In an April Pew Research Center survey, two-thirds of U.S. adults (67%) said serving on a jury “is part of what it means to be a good citizen.” Just 31% took the opposite view and said jury duty service “does not have much to do with being a good citizen.”
Majorities in most demographic groups connect jury duty service with good citizenship, but younger people, racial and ethnic minorities and those without a college education are less likely to do so.
For example, only half of those ages 18 to 29 say jury service is part of being a good citizen, compared with seven-in-ten or more in older age groups. Blacks and Hispanics are less likely than whites to see jury duty as a part of good citizenship, as are those with a high school diploma or less when compared with people with at least some college education.

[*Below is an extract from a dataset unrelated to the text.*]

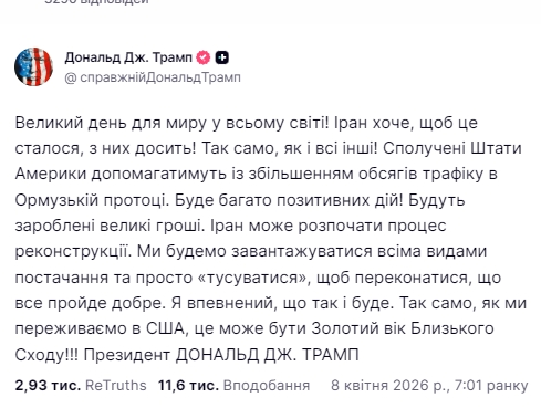 Є повідомлення про те, що Іран стягує плату з танкерів, які проходять через Ормузьку протоку — їм краще цього не робити, а якщо роблять, то краще припинити це негайно … Іран дуже погано — дехто сказав би, ганебно — забезпечує прохід нафти через протоку. Це не та угода, яку ми уклали!, — написав Трап у Truth Social

When it comes to the number of Americans who actually serve on a jury in a given year, recent statistics are hard to find. But the National Center for State Courts, an independent research organization focused on the state judiciary, has estimated that only about 15% of U.S. adults receive a jury summons each year, and fewer than 5% of those who are summoned end up on a jury. The center’s 2007 estimates are based on a survey of 1,546 counties, representing about 70% of the U.S. population at the time.
The Administrative Office of the U.S. Courts publishes its own statistics about federal jury duty, which is even rarer than state-level service because federal courts handle far fewer cases each year than state courts do. The federal statistics show a significant decline both in the number of people called to jury duty and in the number who are chosen. (The data count only petit, or trial, juries; they exclude grand juries.)
In fiscal 2016, federal courts called 194,211 people for petit jury duty, down 37% from 307,204 in fiscal 2006. And 43,697 people were selected for federal petit jury duty, down 39% from 71,578 a decade earlier. The decrease in jurors tracks a broader decline in the number of federal jury trials: In 2016, just 2% of 77,318 total federal defendants had their cases decided by a jury, half the total in 2006.